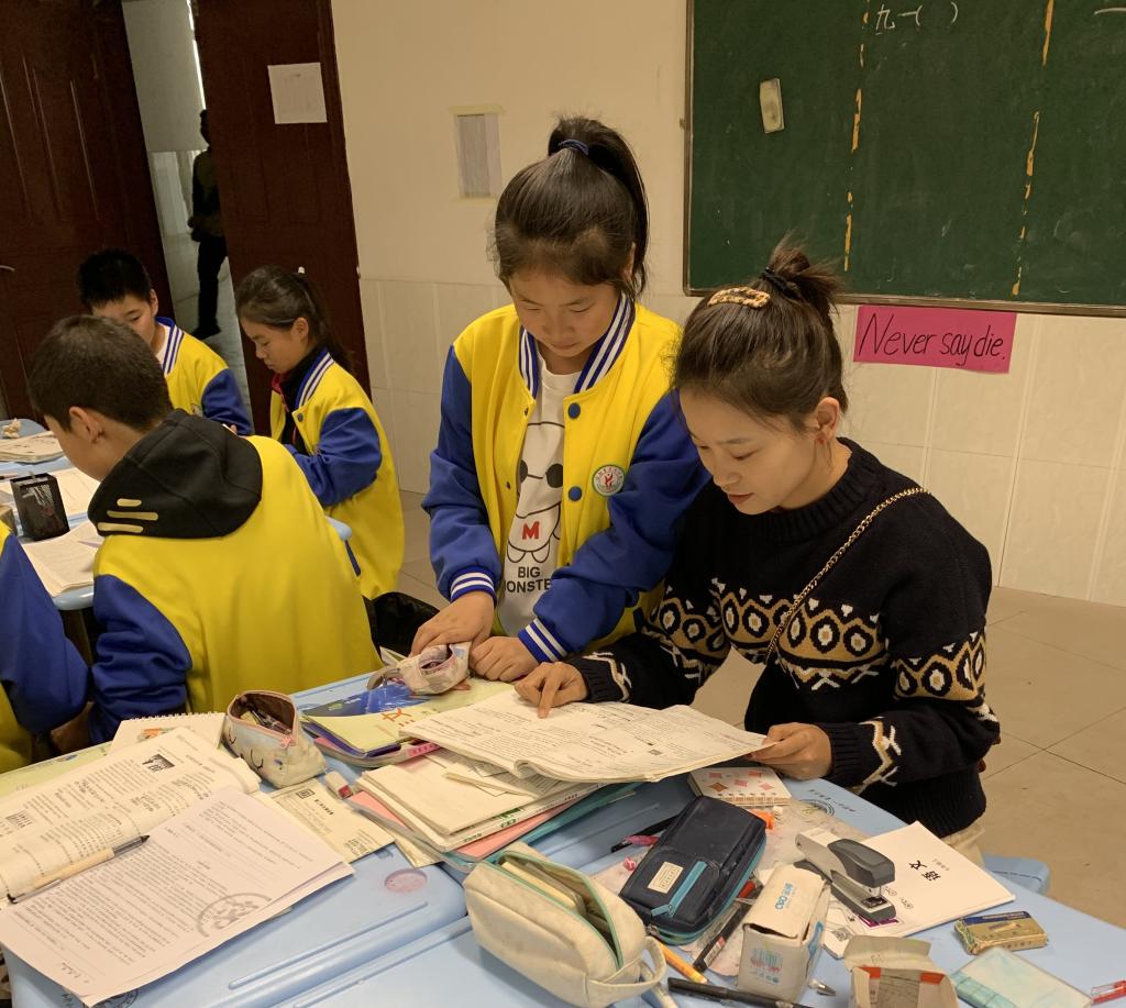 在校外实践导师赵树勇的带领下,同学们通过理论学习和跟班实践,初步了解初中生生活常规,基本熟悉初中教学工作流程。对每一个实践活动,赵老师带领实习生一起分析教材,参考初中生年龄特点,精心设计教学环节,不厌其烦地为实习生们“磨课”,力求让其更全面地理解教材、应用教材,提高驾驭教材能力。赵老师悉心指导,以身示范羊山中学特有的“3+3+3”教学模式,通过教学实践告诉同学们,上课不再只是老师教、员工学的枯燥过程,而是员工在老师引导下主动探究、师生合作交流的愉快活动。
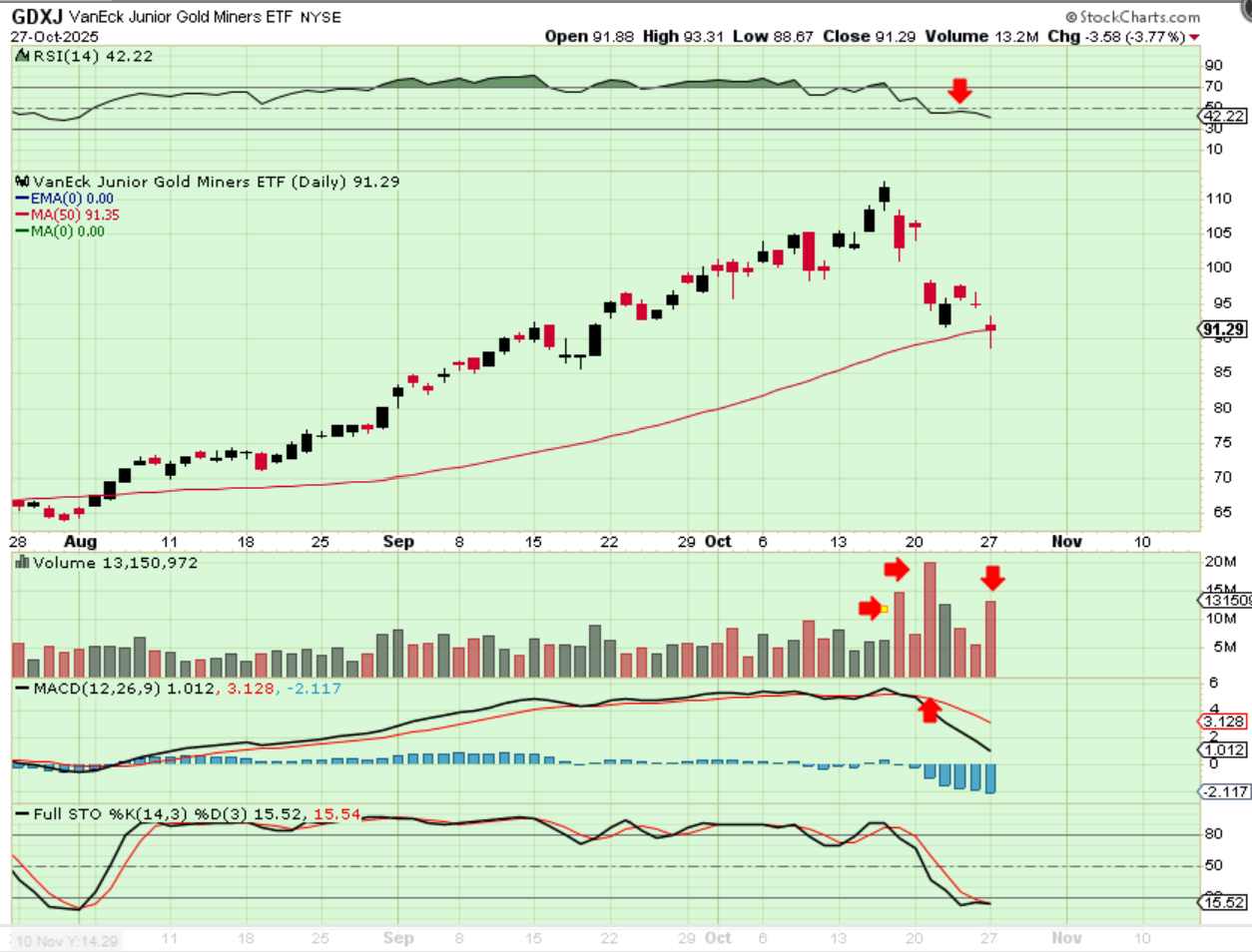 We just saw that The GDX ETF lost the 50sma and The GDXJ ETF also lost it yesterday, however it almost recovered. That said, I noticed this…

...

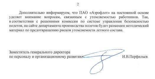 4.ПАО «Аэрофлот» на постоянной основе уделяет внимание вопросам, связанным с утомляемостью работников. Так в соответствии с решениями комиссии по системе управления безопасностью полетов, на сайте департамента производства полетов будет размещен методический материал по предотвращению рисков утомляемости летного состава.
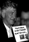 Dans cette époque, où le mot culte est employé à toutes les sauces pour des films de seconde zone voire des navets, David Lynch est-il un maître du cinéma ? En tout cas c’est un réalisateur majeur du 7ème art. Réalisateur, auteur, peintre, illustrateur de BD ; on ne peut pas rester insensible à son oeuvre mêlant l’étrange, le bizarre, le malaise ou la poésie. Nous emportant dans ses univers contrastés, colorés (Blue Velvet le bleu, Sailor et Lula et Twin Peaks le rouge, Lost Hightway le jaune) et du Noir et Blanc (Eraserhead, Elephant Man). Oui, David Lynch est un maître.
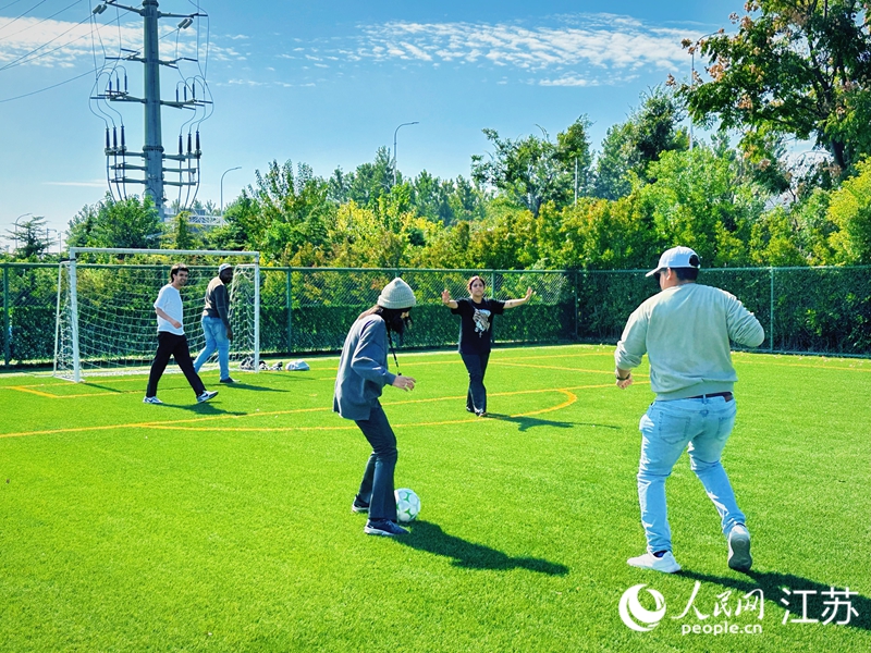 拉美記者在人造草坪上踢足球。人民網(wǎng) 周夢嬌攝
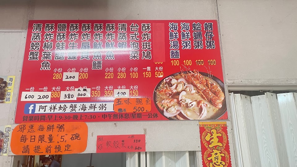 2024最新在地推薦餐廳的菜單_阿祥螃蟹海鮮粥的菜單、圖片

## [Problem]
In the entries above, find the line containing "утомляемости летного состава." and the line containing "2024最新在地推薦餐廳的菜單_阿祥螃蟹海鮮粥的菜單、圖片", then copy both and every line between them exactly, without any picture.

## [Answer box]
 4.ПАО «Аэрофлот» на постоянной основе уделяет внимание вопросам, связанным с утомляемостью работников. Так в соответствии с решениями комиссии по системе управления безопасностью полетов, на сайте департамента производства полетов будет размещен методический материал по предотвращению рисков утомляемости летного состава.
 Dans cette époque, où le mot culte est employé à toutes les sauces pour des films de seconde zone voire des navets, David Lynch est-il un maître du cinéma ? En tout cas c’est un réalisateur majeur du 7ème art. Réalisateur, auteur, peintre, illustrateur de BD ; on ne peut pas rester insensible à son oeuvre mêlant l’étrange, le bizarre, le malaise ou la poésie. Nous emportant dans ses univers contrastés, colorés (Blue Velvet le bleu, Sailor et Lula et Twin Peaks le rouge, Lost Hightway le jaune) et du Noir et Blanc (Eraserhead, Elephant Man). Oui, David Lynch est un maître.
 拉美記者在人造草坪上踢足球。人民網(wǎng) 周夢嬌攝
 2024最新在地推薦餐廳的菜單_阿祥螃蟹海鮮粥的菜單、圖片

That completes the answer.